Third year EECS PhD candidate Victor Han (advisor: Prof. Chunlei Liu) was selected as a finalist for the International Society of Magnetic Resonance in Medicine (ISMRM) I.I. Rabi Young Investigator Award for original basic research.  He was chosen for his paper entitled “Multiphoton Magnetic Resonance Imaging,” in which he developed a novel technique that excites multiphoton resonances to generate signal for MRI by using multiple magnetic field frequencies, none of which is near the Larmor frequency. Only the total energy absorbed by a spin must correspond to the Larmor frequency. In contrast, today’s MRI exclusively relies on single-photon excitation. He was named runner-up at the ISMRM annual conference in early August.  Han will continue to develop his multiphoton technique and is exploring its applications in medicine and neuroscience as a part of his PhD dissertation research.  The ISMRM is a multi-disciplinary nonprofit professional association that promotes innovation, development, and application of magnetic resonance techniques in medicine and biology throughout the world. 

Peter Bartlett and Bin Yu to lead $10M NSF/Simons Foundation program to investigate theoretical underpinnings of deep learning

The National Science Foundation (NSF) and the Simons Foundation Division of Mathematics and Physical Sciences are partnering to award $10 million to fund research in the Mathematical and Scientific Foundations of Deep Learning, led by CS Prof. Peter Bartlett and EECS Prof. Bin Yu.  Both professors hold joint appointments in the Department of Statistics.  The researchers hope to gain a better theoretical understanding of deep learning, which is part of a broader family of machine learning methods based on artificial neural networks that digest large amounts of raw data inputs and train AI systems with limited human supervision.

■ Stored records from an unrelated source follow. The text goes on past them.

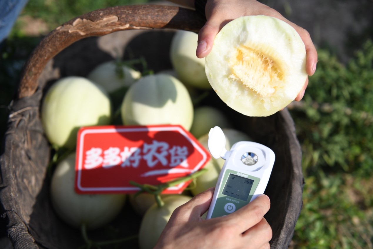 采摘下来的甜瓜测试糖度。摄影 窦翊明
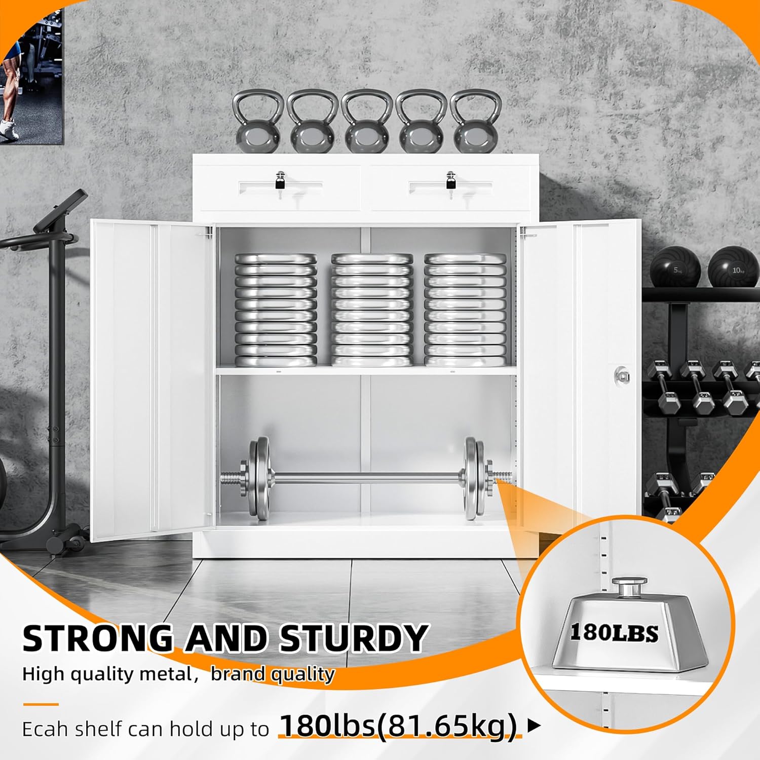 INTERGREAT Metal Cabinet with Drawers, Lockable Metal Storage Cabinets with Doors and Shelves for Garage, White Locking Garage Storage Cabinets 36"×32"×16"
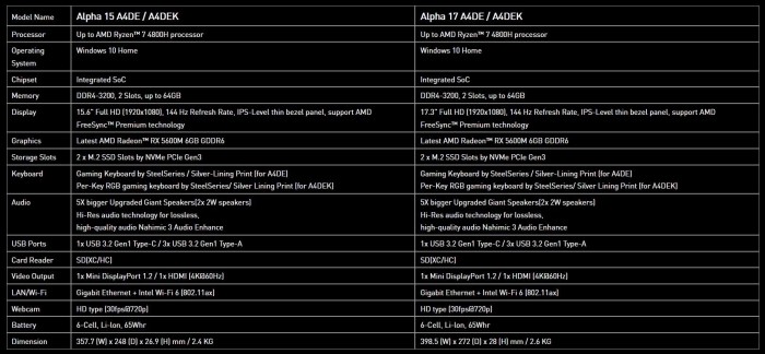 其他配置方面,两条DDR4-3200内存(最大容量64GB),两条PCIe 3.0/NVMe M.2插槽,千兆以太网加Intel Wi-Fi 6无线网卡,65Whr六芯锂离子电池,两个2W扬声器、Nahimic 3音效技术。
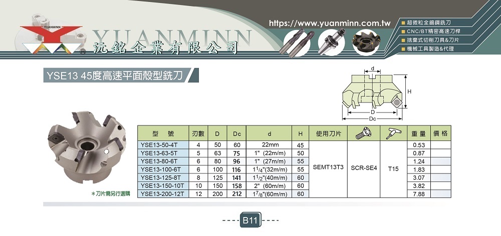 SE13 45度高速平面殼型銑刀(B11)
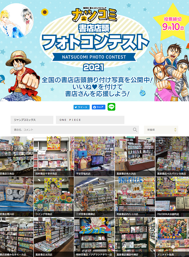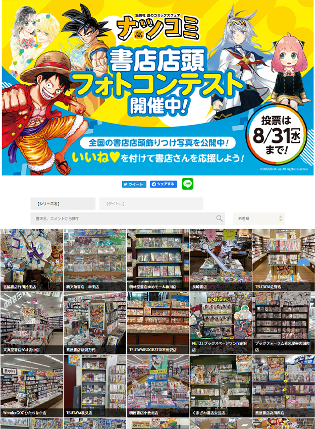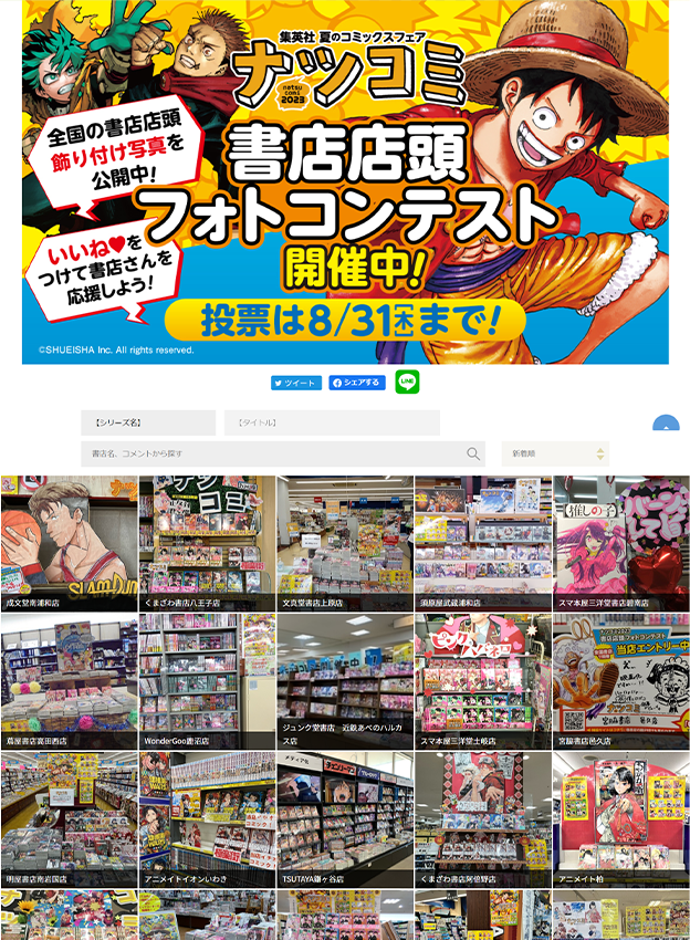 株式会社集英社様 - 毎年恒例の夏のコミックスフェア「ナツコミ」を盛り上げる施策として、全国の書店にて店頭ディスプレイの様子を募集するフォトコンテストが開催されました。
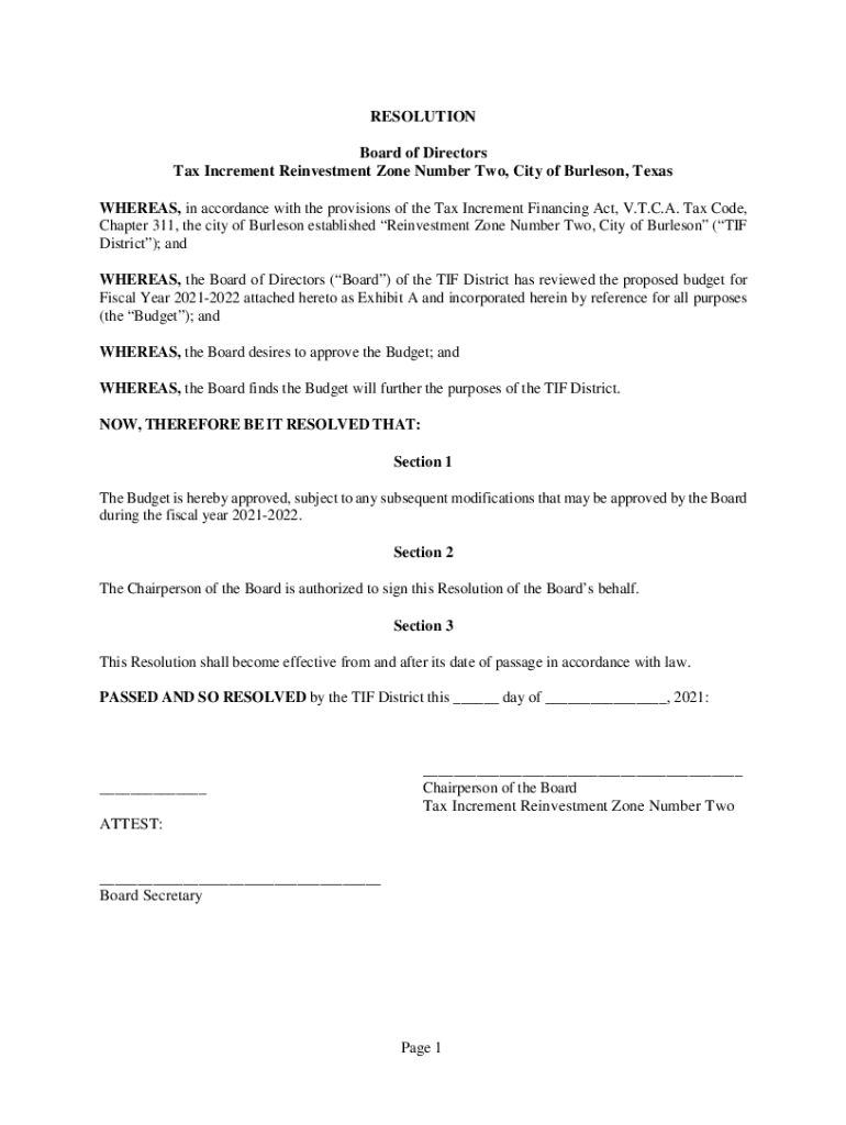 RESOLUTION Board of Directors Tax Increment Reinvestment Zone Number Two, City of Burleson, Texas WHEREAS, in accordance with the provisions of the Tax Increment Financing Act, V.T.C.A. Tax Code,
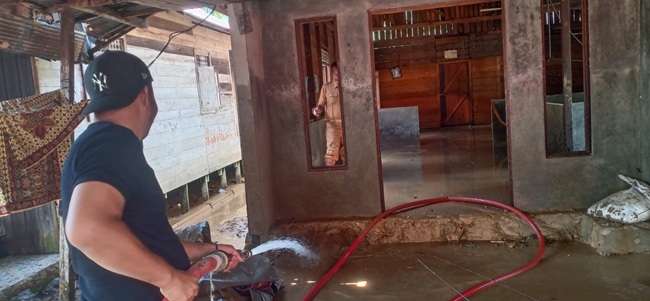 Pembersihan tersebut mencakup fasilitas pendidikan, fasilitas umum, serta rumah-rumah warga yang terdampak lumpur akibat banjir bandang.
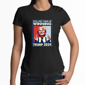 With the bold slogan “Not Tired of Winning” prominently displayed, this T-shirt captures Trump’s relentless pursuit of success and the unwavering support of his followers. The design is both powerful and patriotic, representing the resilience and determination that defines the American spirit.
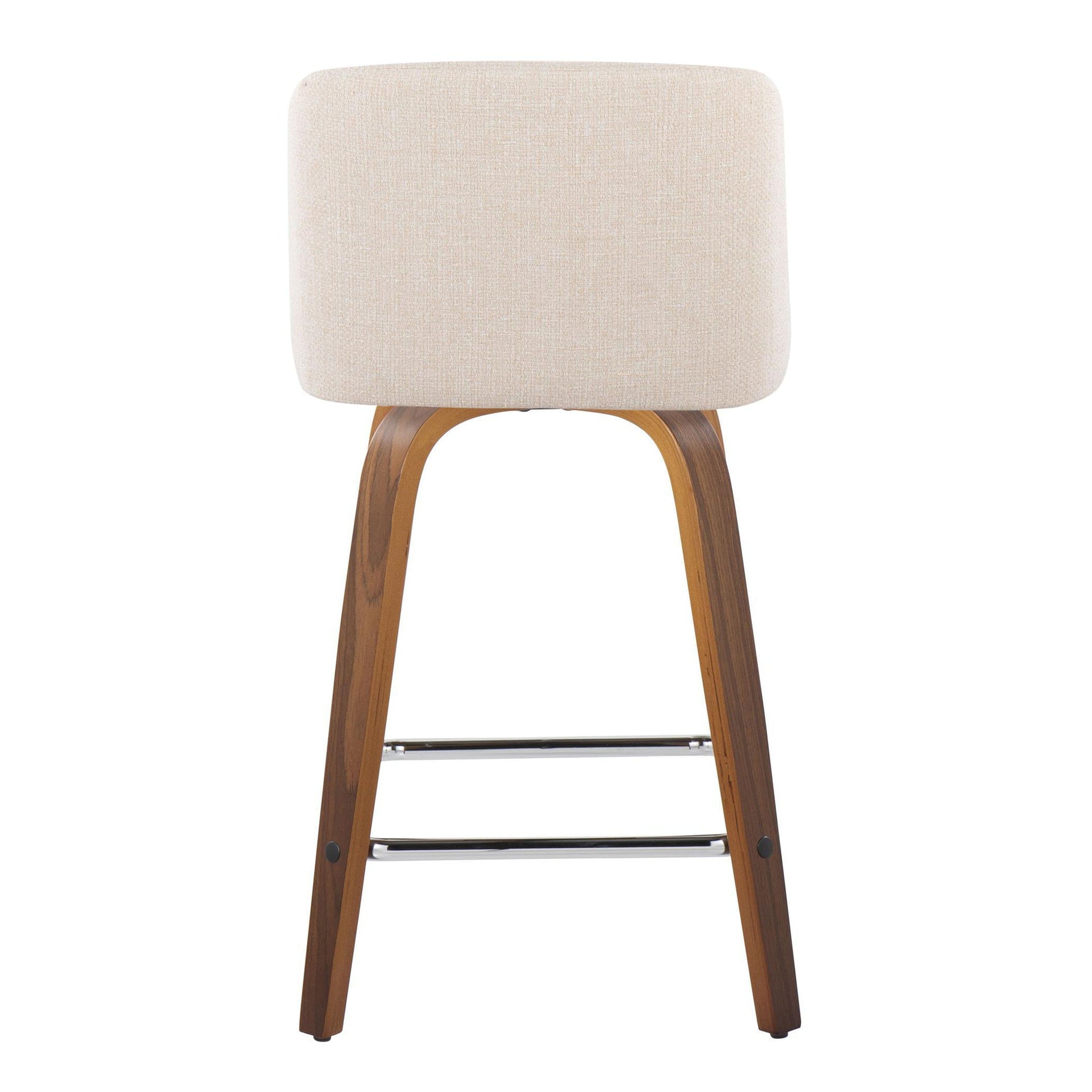 Toriano - Mid-Century Modern Fixed Height Counter Stool With Swivel And Square Footrest (Set of 2) - Walnut / Cream
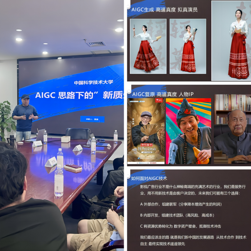 中國科技大學控股校企合伙人&CEO賈真做《AIGC思路下的“新質(zhì)生產(chǎn)力”》主題分享。他曾經(jīng)是影視廣告制作行業(yè)的老兵,疫情期間苦心鉆研AI數(shù)字人技術,成功轉型為AIGC實踐家。為大家現(xiàn)場展示了AIGC生成的伊利輕慕數(shù)字代言人、AIGC復原的數(shù)字錢學森和數(shù)字濟公等數(shù)字資產(chǎn)成果,AIGC變革的發(fā)展方向以及最新的應用技術。
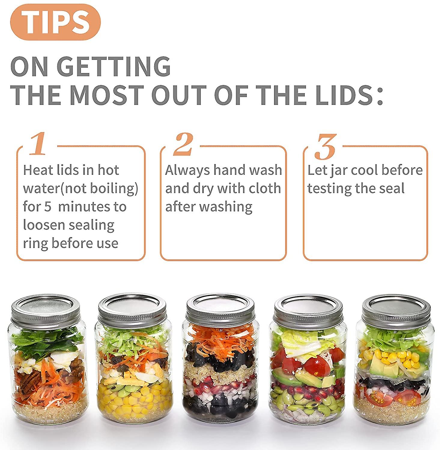 MUTIPLE USE: Suitable for sealing the canning mason jars that stored spices, sweets, biscuits, fruits, jams, soft drinks, tea or coffee, nails, screws and other small objects. NOTE: please make sure the size before purchase.

Most of the research and education activities will be hosted by the Simons Institute for the Theory of Computing, in the form of structured programs of varying themes.  Other participating institutions will include Stanford, MIT, UCI, UCSD, Toyota Tech in Chicago, EPFL in Switzerland, and the Hebrew University in Israel.

Brian Harvey wins NTLS Education Technology Leadership Award

CS Teaching Prof. Emeritus Brian Harvey has been awarded the National Technology Leadership Summit (NTLS) Education Technology Leadership Award, which recognizes individuals who made a significant impact on the field of educational technology over the course of a lifetime.  The award is NTLS's highest honor.  Harvey wrote the "Computer Science Logo Style" textbook trilogy in the 1980s, which uses the Logo programming language (a subdialect of Lisp which had been created for elementary school children) to teach computer science concepts to more advanced students.   He designed UCBLogo in 1992, a free, open-source programming language that is now the de facto standard for Logo, and won the Berkeley Distinguished Teaching Award in 1995.  He then collaborated with award co-recipient Jens Möenig to develop the block programming language Snap!, which makes advanced computational concepts accessible to nonprogrammers.  It is used in the highly successful class "Beauty and Joy of Computing," which was developed at Berkeley to introduce more diverse audiences to CS. The class is approved for AP credit and, with support from the NSF, has been provided to more than one thousand high school CS teachers nationwide.  Harvey says “Languages in the Logo family, including Scratch and Snap!, take the position that we’re not in the business of training professional computer programmers. Our mission is to bring programming to the masses.”